■ EXERCISE DATA

==============================

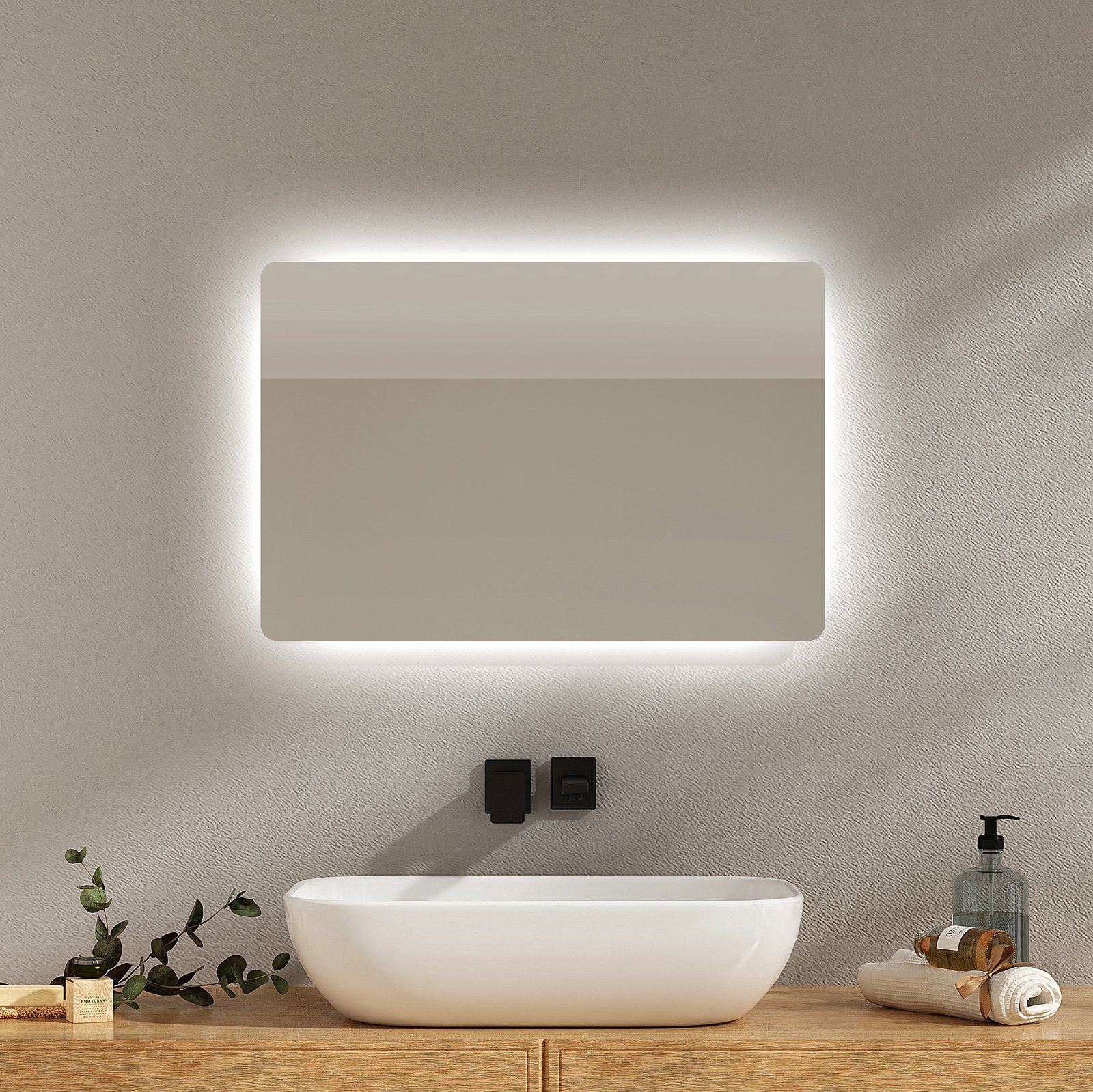 EMKE LED-Lichtspiegel Wandspiegel mit Beleuchtung und Beschlagfrei 2 Farben des Lichts, Druckknopfschalter,Energiesparend
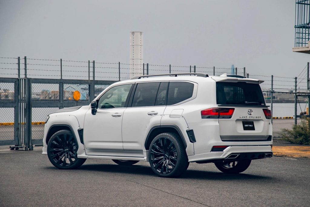 همچنین قوس چرخهای بزرگ و پهن لیبرتی واک به خوبی با خطوط زاویهدار و برجسته تویوتا لندکروزر ۳۰۰ ترکیب شدهاند و شاید حتی برخی افراد ناآگاه آن را با تریم های اسپرت فابریک خود تویوتا اشتباه بگیرند. یکی دیگر از بخشهای کیت لیبرتی واک سپر جلوست که بسیار شلوغتر از نسخه استاندارد است. در بخش عقب نیز خروجیهای اگزوز جدید با بال بزرگ و اسپویلر روی صندوق همراه میشوند. همچنین این قطعات به همراه جلوپنجره و کاپوت از فایبرگلاس یا پلاستیک تقویت شده با فیبر کربن تولید خواهند شد. علاوه بر این امکان سفارش کاپوت با فیبر کربن نیز وجود دارد.
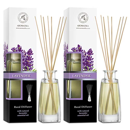 Set di Diffusori a Lamella Lavanda 2x100ml - Profumo Ambiente - Diffusore di Aromi con Olio Essenziale di Lavanda - Buon Profumo - Deodorante per Camera da Letto - Fragranza a Lunga Durata
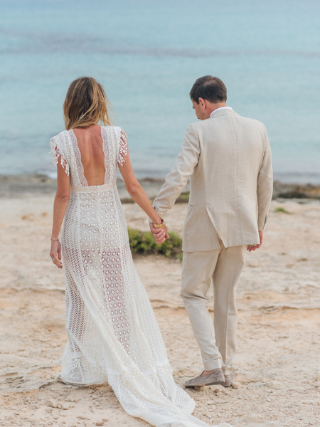 Silvia & Daniele Wanted To Celebrate Their Wedding In The Beautiful And Wild Island Of Formentera. A Day That Has Turned Into A Big Party With The Closest Friends. A Boho Setting Made Of Dried Pakms, Pampas Grass And Touches Of Gold, A Color Dear To The Bride

==============================

■ ASSIGNMENT
The answer must consist solely of the lines from the one with "Set di Diffusori" through the final line of the data, each reproduced exactly and with pictures omitted.

■ SOLUTION TO THE EXERCISE
 Set di Diffusori a Lamella Lavanda 2x100ml - Profumo Ambiente - Diffusore di Aromi con Olio Essenziale di Lavanda - Buon Profumo - Deodorante per Camera da Letto - Fragranza a Lunga Durata
 Silvia & Daniele Wanted To Celebrate Their Wedding In The Beautiful And Wild Island Of Formentera. A Day That Has Turned Into A Big Party With The Closest Friends. A Boho Setting Made Of Dried Pakms, Pampas Grass And Touches Of Gold, A Color Dear To The Bride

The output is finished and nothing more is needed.